La tecnica della PCR qualitativa, pur essendo molto specifica, non consente la quantificazione del DNA bersaglio di partenza, per cui può essere di limitata utilità quando si richiede un accurato monitoraggio dell’agente patogeno in questione.

Per superare queste limitazioni, recentemente sono state realizzate tecniche di PCR quantitativa (real-time PCR), che permettono la misurazione della carica di agenti patogeni in pazienti affetti da malattie infettive, il monitoraggio del trattamento e la discriminazione fra pazienti rispondenti e non rispondenti alla terapia (Colucci, 2000).

La real-time PCR permette il monitoraggio del prodotto di amplificazione ciclo per ciclo (in “tempo reale”); in questo modo è possibile determinare a quale ciclo il prodotto comincia ad amplificarsi in maniera esponenziale, il cosiddetto “ciclo soglia”.

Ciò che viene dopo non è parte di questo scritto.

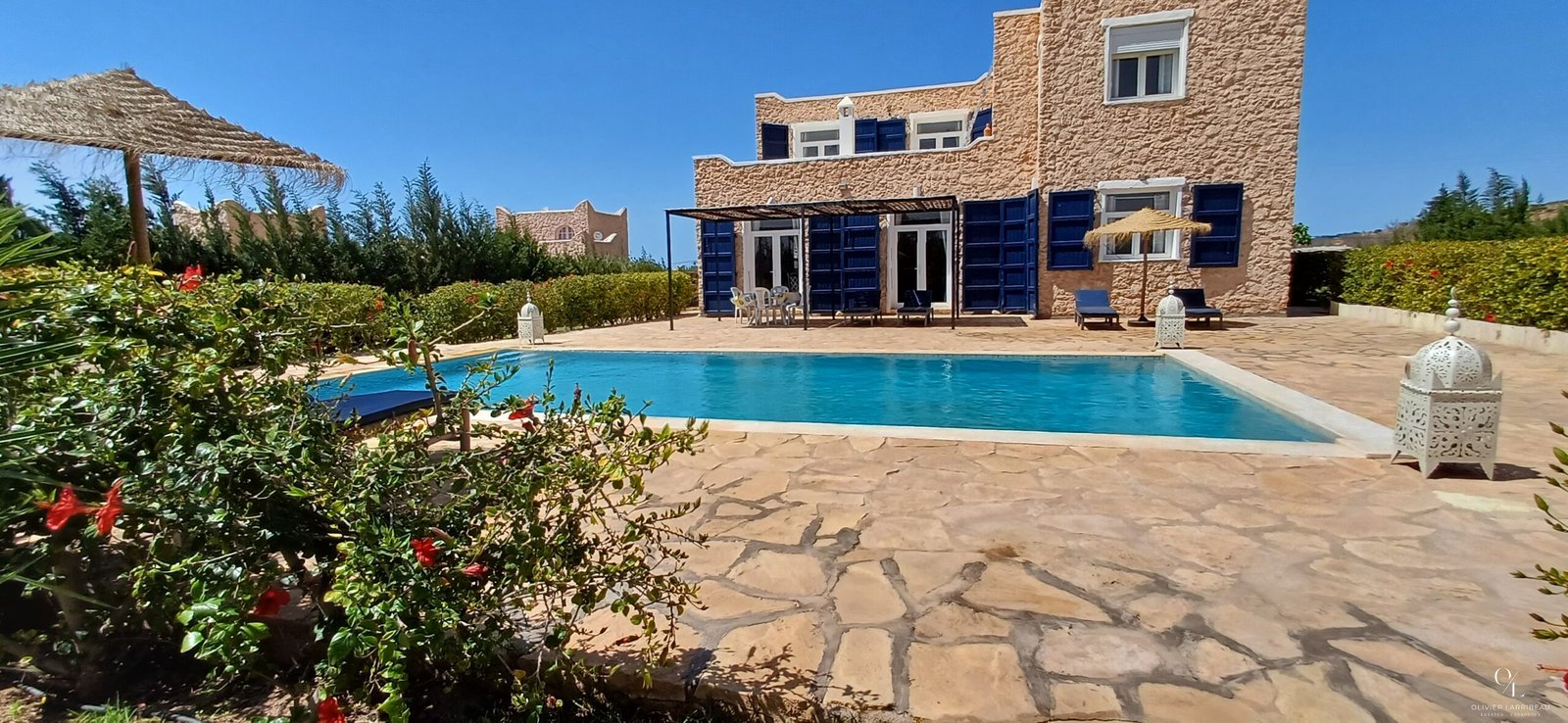 Maison beldi de campagne R+1 de 364 m² à quelques kilomètres d’Essaouira, sur la route de Marrakech, construite sur un terrain arboré de 3983 m².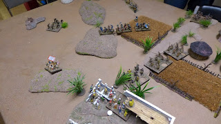 The game started with his whole army in reserve and the table was all to my picking. A very strange and quietly growing concern fell over the troops, were where the enemy ?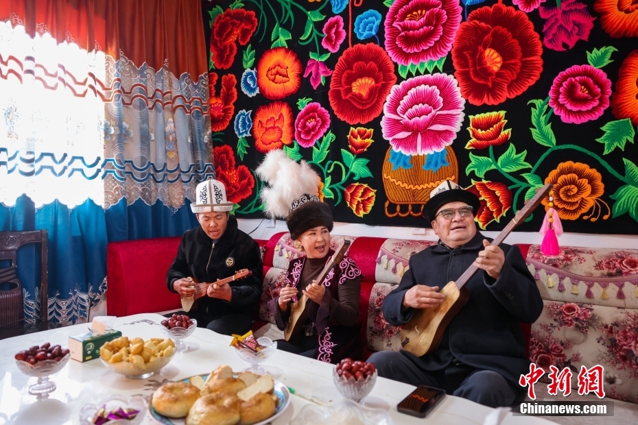 1月13日,新疆阿克苏地区乌什县亚曼苏柯尔克孜族乡幸福新区,村民们在家中弹奏乐器库姆孜。2024年6月30日,41户地震受灾群众迁入幸福新区。当年1月23日凌晨,乌什县发生7.1级地震,部分房屋倒塌或受损。在灾后重建工作中,当地政府进行安置补贴,采取原址重建209户、搬迁新区41户、进城安置42户三类方式安置受灾群众。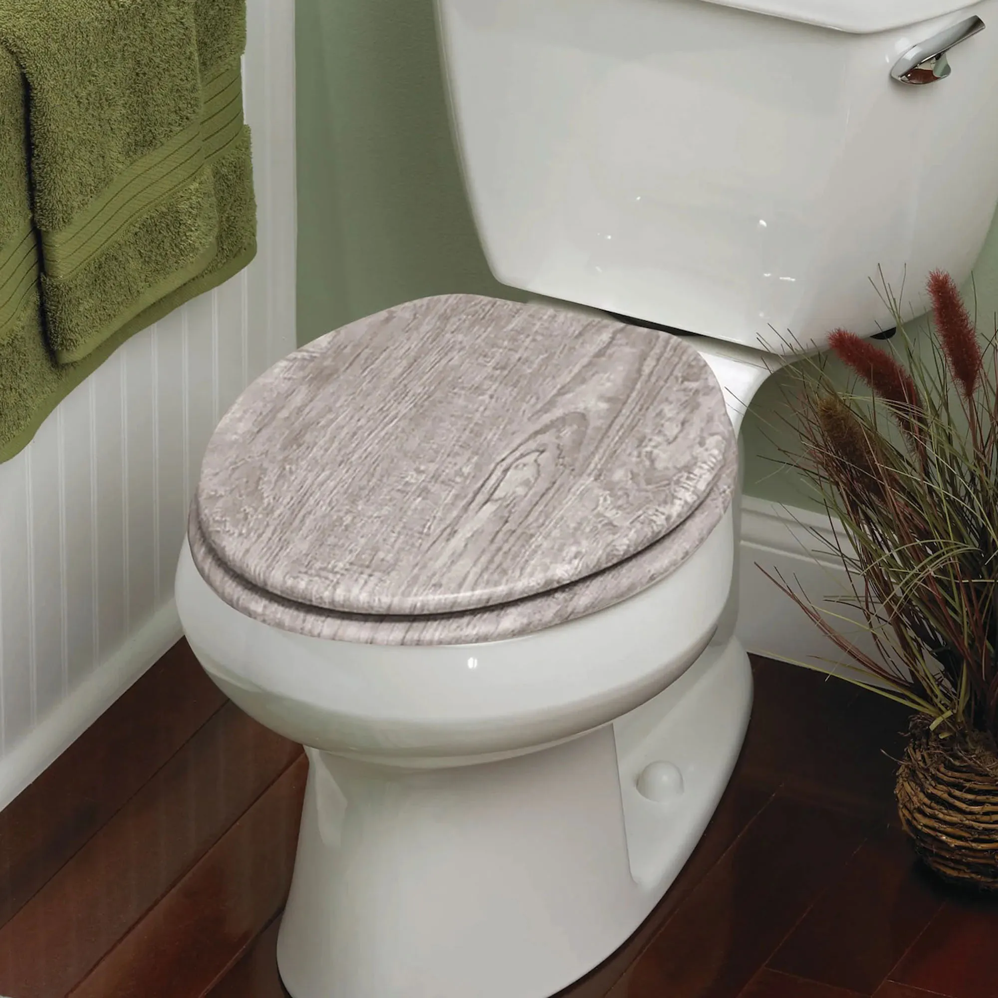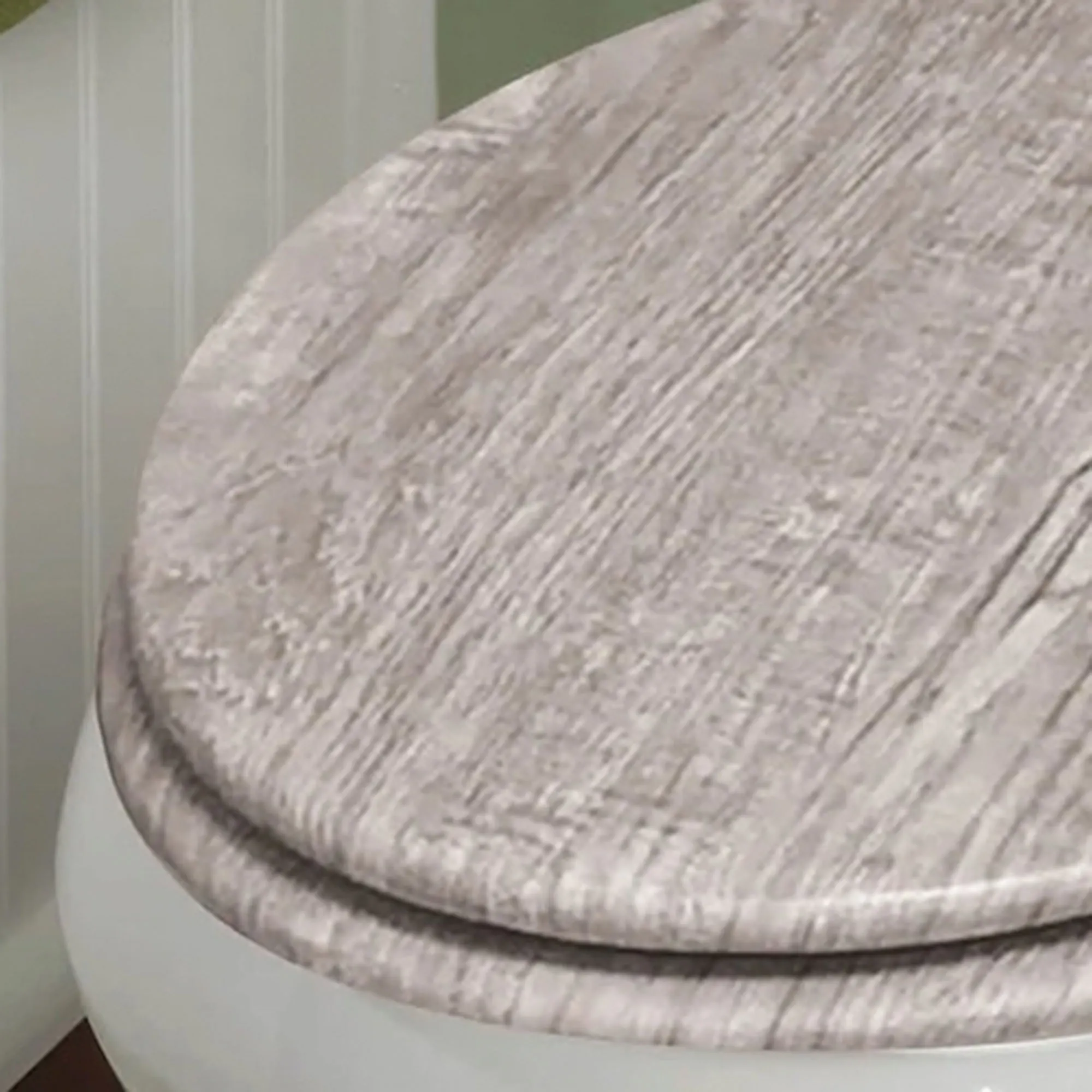 • Durable, gray wood toilet seat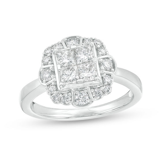 1.00 CT. T.w. Quad Princess-Cut Diamond Scallop Frame Engagement Ring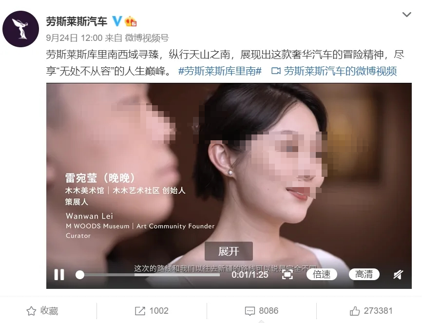如果说哪吒和智己属于险些翻车,那劳斯莱斯请网红晚晚夫妇(林瀚和雷宛萤)代言,可以说翻得很彻底。
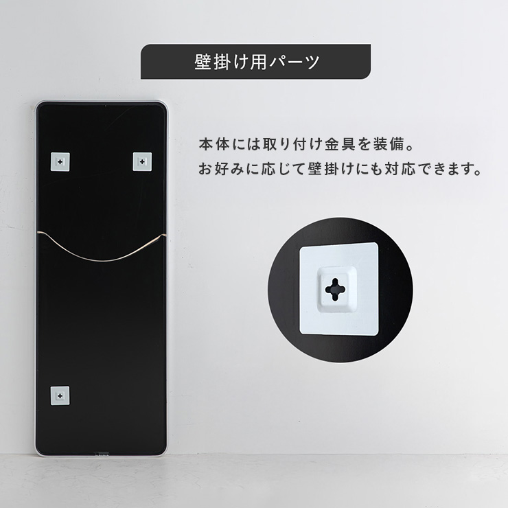 | スタンドミラー Ftont(フロント) 長方形 60x160cm あなたの毎日に、寄り添う。アルミ製ミラー。毎日のリズムを、整えてくれるミラーです。 ■傷や歪みに強く、経年劣化しにくい。長く使えるガラス製ミラー クリアで歪みの少ないガラス製ミラーを使用しています。ガラス表面は傷に強く、毎日使っても映りの質が劣化しにくいため、長期使用に適しています。 ■安全面にも配慮した安心設計。衝撃に強い強化ガラス使用 ミラー部分には、割れにくく耐久性に優れた強化ガラスを採用。日常使いでも安心できる、丈夫さにこだわったつくりです。 ■万が一割れてしまっても安心。飛散防止フィルム ミラーの裏面には、破片の飛び散りを防ぐ飛散防止フィルムを施しています。万が一の破片時にもケガのリスクを軽減できる、安全性を考えた仕様です。 ■光を取り込み、奥行を演出。空間を広く、明るく見せる効果も。 鏡の反射により、自然光や照明の光を室内に広げることで、空間全体が明るく感じられます。奥行が生まれ、お部屋が広く見える視覚効果も期待できます。 ■シャープさの中に、やさしさを。角を丸く仕上げたスクエアフレーム 丈夫で清潔感のあるアルミ素材を、美しい光沢感のある仕上げで上品に整えました。厚み19mmの薄型設計が、圧迫感なく空間にすっとなじみます。 ■置いても、掛けても使える。選べる設置スタイル 床置きはもちろん、付属の金具を使えば壁掛け設置も可能。お部屋のレイアウトや使い方に合わせて、スタイルを選べます。 ■床置き用パーツ 滑り止め&キズ防止:設置面には、滑り止め効果のあるゴム製パーツを使用。ミラーのズレを防ぎ、床への傷つきも軽減します。 転倒防止用キット:付属の転倒防止パーツで壁にしっかりと固定できます。地震などの揺れによる転倒リスクを軽減し、お子様やペットのいるご家庭でも安心です。 ■壁掛け用パーツ 本体には取り付け金具を装備。石膏ボード用アンカーとビス付きで壁の材質に応じてしっかりと固定できます。 ■お手入れ用クロス付き ミラー表面のお手入れに便利なクロスが付属。指紋やほこりが気になる時も、サッと拭くだけで美しい映りを保てます。 ※画像で同シリーズのサイズ、形状違いを使用している場合がございます。 商品サイズをご確認の上ご購入をお願いします。 ※本商品に付属しているアンカーおよびビスは、石膏ボード壁専用です。 ※壁内部に下地(木材・べニヤ板・軽量鉄骨など)がある場合、壁構造や下地の厚み・材質により、付属部品では十分な固定強度が得られない場合があります。 ※下地のある壁へ取り付ける場合は、付属のアンカーおよびビスは使用せず、設置場所の壁構造に適した取り付け部品を別途ご用意の上施工してください。 | |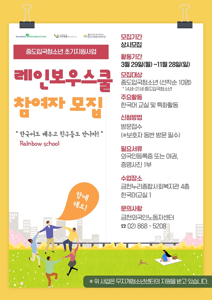 ±Ýõ´©¸®Á¾ÇÕ»çȸº¹Áö°ü¡¤±Ýõ¿Ü±¹Àγ뵿ÀÚ¼¾ÅÍ´Â 14~21¼¼ Çб³ ¹Û ÀÌÁÖ¹è°æÃ»¼Ò³âÀ» ´ë»óÀ¸·Î ÆòÀÏ(¿ù~±Ý) ¿ÀÀü 10½ÃºÎÅÍ ¿ÀÈÄ 5½Ã±îÁö ÀüÀÏÁ¦ ¹ÝÀ» ¿î¿µÇϰí ÀÖ´Ù. ¿ÃÇØ´Â Áö³ 3¿ù29ÀϺÎÅÍ 11¿ù28ÀϱîÁö ÃÑ 32ÁÖ°£ ½ÃÇàµÉ ¿¹Á¤À̸ç, ÇöÀç ¼±Âø¼øÀ¸·Î ¹æ¹®Á¢¼ö¸¦ ¹Þ°í ÀÖ´Ù.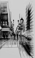 Houtskool illustratie van een straat in Parijs met de iconische lantaarns.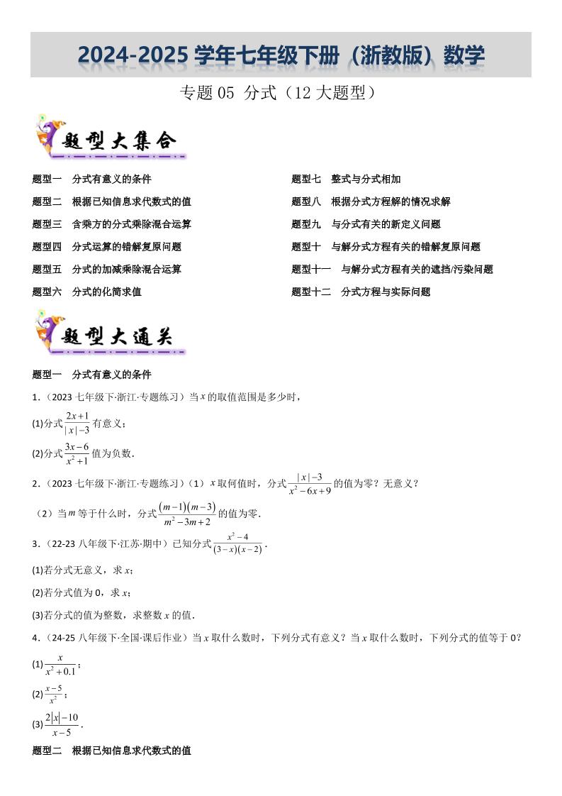 【七下浙教数学】专题05 分式(考题猜想,12大题型)(原卷版)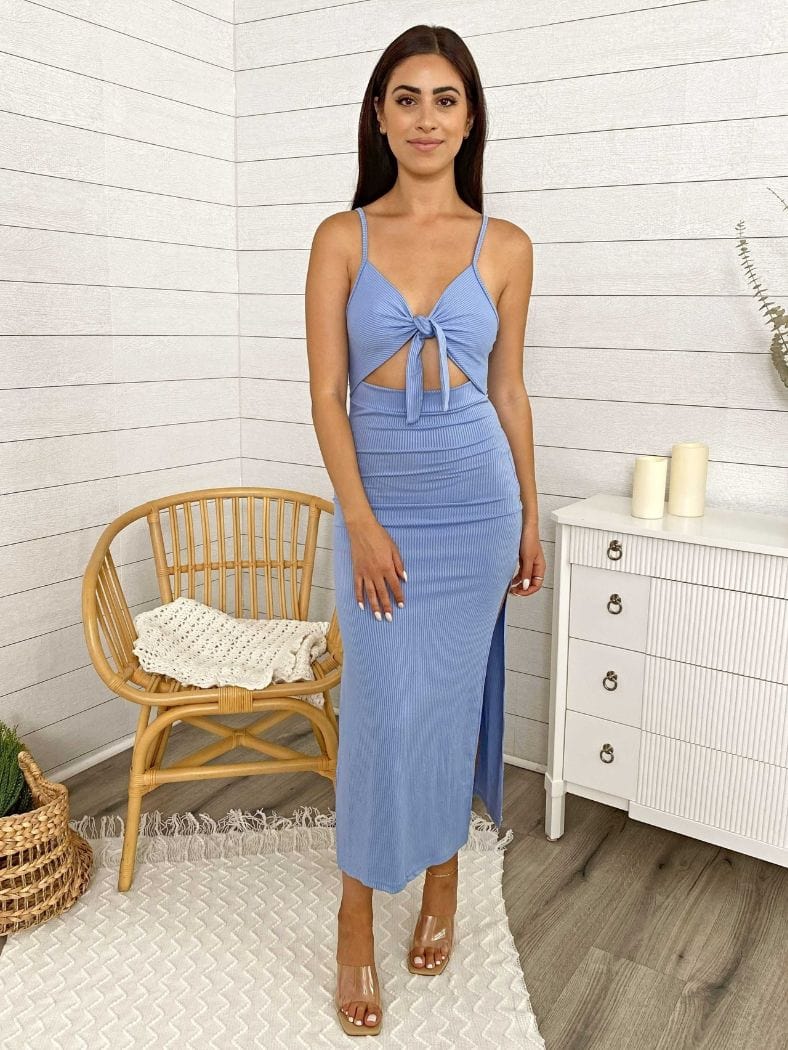 The Bloom's ribbed dress details the perfect piece to wear this season! This stretchy ribbed knit dress features a front knot to give support, a sleeveless bodice, and a bodycon silhouette. Pair this bodice dress with your favorite strappy heels for a fabulous look!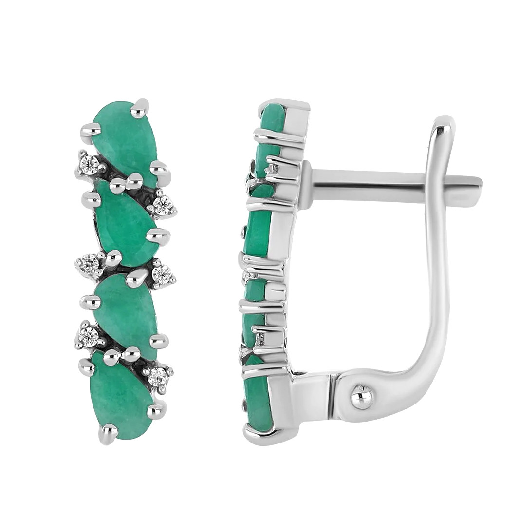 Купить стильные серебряные серьги с изумрудом в интернет-магазине Mirserebra925.ru. Серьги с английским замком. Благодаря родиевому покрытию, изделие не темнеет со временем. Все наши изделия апробированы клеймом Пробирной инспекции, поэтому Вы можете быть уверены в качестве серебра, которое мы используем для работы.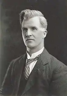In 1910 Scullin won his first election as the Labor candidate in Corangamite, in a year when Labor's Andrew Fisher surged in the polls and formed Australia's first majority government.[16] Scullin had done much to personally build the grass-roots organisation of the Labor movement in this seat in the years prior to the election, although its rural character meant it was not considered a seat naturally sympathetic to Labor.[17] His campaign focused on increasing the powers of the Federal parliament and issues such as defending a white Australia, higher import duties and the introduction of a land tax.[17] In federal parliament, Scullin quickly earned a reputation as an impressive and formidable parliamentary debater. He spoke on a wide range of issues over the three years of his term, but concentrated especially on matters relating to taxation and the powers of the Commonwealth, both of which would become signature issues for Scullin throughout his career.[8] By the end of his first year in parliament he had a reputation as "one of the most ardent land-taxers in the Labor party"[18] and had spoken frequently on breaking up "the land monopoly which has for so many years retarded the growth of this young country."[19] Scullin enthusiastically supported Fisher's referendum questions in expand Commonwealth power over in 1911 and again in 1913, though in both cases all amendment proposals were rejected by comfortable majorities.[20] Although he was well regarded in his district and hard-working and ardent, it was not enough to shield him from Joseph Cook's resurgent and now united conservative forces in the election of 1913, and Scullin suffered the fate of many Labor members in rural districts at that year's election.[21] He tried and failed to reacquire the seat at the 1918 Corangamite by-election.

Per inferenza, è possibile quantificare in termini relativi il DNA stampo presente all’inizio della reazione con precisione e riproducibilità (Gomes et al., 2006).

Da tale quantificazione deriva una stima della carica parassitaria relativa nei diversi campioni presi in esame.

La quantificazione assoluta viene ottenuta in riferimento ad uno standard interno amplificato simultaneamente al DNA campione, o ad uno standard esterno ricavato mediante amplificazione di diverse concentrazioni note di un campione di riferimento in reazioni parallele.

Per il monitoraggio della formazione del prodotto bersaglio durante l’amplificazione, esistono varie metodiche che prevedono l’uso di particolari sonde fluorescenti, come le tecnologie SYBR GreenR e TaqManR.

La fluorescenza che si genera durante la PCR per effetto delle diverse reazioni chimiche, basate sia sul legame di coloranti fluorescenti che si intercalano nella doppia elica di DNA, sia sull'ibridazione di sonde specifiche, viene quindi misurata in tempo reale da una telecamera CCD. Tutte le operazioni relative alle misurazioni avvengono sotto il controllo di un software gestito da un personal computer.

I vantaggi della metodica di real-time PCR, rispetto alle tecniche di PCR standard, consistono nella rapidità della produzione dei risultati, nell’eliminazione delle manipolazioni post-amplificazione per la rilevazione degli amplificati (con riduzione dei tempi e dei rischi di contaminazione), e nell’aumento della sensibilità (Gomes et al., 2006).

È ipotizzabile, inoltre, che la quantificazione della carica residua parassitaria in corso di terapia possa essere usato come metodo di controllo dell’efficacia della stessa ed, eventualmente, di predizione delle recidive dopo la sospensione del trattamento, oltre che come strumento in supporto alla valutazione della necessità di effettuare un trattamento preventivo in soggetti infetti asintomatici, come suggerito da ricerche comparse in letteratura a proposito di patologie virali (Griscelli et al., 2001).